What you are asked to do
Would you return, word for word, the lines of the data below from the line with "Myuのスカート「レース×ジョーゼットプリーツスカート」を使ったコーディネート" through the line with "Cet actif propose", and no others?

Data in this exercise
════════════════
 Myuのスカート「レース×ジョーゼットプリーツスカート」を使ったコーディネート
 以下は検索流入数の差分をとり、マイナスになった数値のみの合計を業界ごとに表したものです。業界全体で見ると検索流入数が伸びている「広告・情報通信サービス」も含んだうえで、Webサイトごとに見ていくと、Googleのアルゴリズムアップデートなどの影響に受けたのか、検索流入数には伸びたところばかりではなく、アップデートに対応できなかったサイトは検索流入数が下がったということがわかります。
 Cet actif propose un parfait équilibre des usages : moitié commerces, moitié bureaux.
════════════════
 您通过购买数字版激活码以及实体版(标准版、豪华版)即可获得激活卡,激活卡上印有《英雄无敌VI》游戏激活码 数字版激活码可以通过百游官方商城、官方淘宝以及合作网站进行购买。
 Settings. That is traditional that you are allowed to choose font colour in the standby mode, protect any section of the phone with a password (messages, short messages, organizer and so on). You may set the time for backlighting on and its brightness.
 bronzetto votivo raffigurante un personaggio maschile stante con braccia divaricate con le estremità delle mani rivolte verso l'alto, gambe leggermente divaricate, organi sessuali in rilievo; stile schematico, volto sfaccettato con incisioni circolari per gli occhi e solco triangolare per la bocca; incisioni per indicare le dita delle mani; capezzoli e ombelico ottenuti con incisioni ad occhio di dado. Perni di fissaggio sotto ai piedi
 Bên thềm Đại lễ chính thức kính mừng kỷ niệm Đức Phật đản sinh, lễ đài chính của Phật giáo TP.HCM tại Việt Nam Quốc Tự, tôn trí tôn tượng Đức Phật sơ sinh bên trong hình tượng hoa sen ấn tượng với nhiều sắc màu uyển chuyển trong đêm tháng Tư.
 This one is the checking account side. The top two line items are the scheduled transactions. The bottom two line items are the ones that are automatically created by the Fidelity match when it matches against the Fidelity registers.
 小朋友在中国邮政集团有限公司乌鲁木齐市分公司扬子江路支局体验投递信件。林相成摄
════════════════
Reply to the exercise
 Myuのスカート「レース×ジョーゼットプリーツスカート」を使ったコーディネート
 以下は検索流入数の差分をとり、マイナスになった数値のみの合計を業界ごとに表したものです。業界全体で見ると検索流入数が伸びている「広告・情報通信サービス」も含んだうえで、Webサイトごとに見ていくと、Googleのアルゴリズムアップデートなどの影響に受けたのか、検索流入数には伸びたところばかりではなく、アップデートに対応できなかったサイトは検索流入数が下がったということがわかります。
 Cet actif propose un parfait équilibre des usages : moitié commerces, moitié bureaux.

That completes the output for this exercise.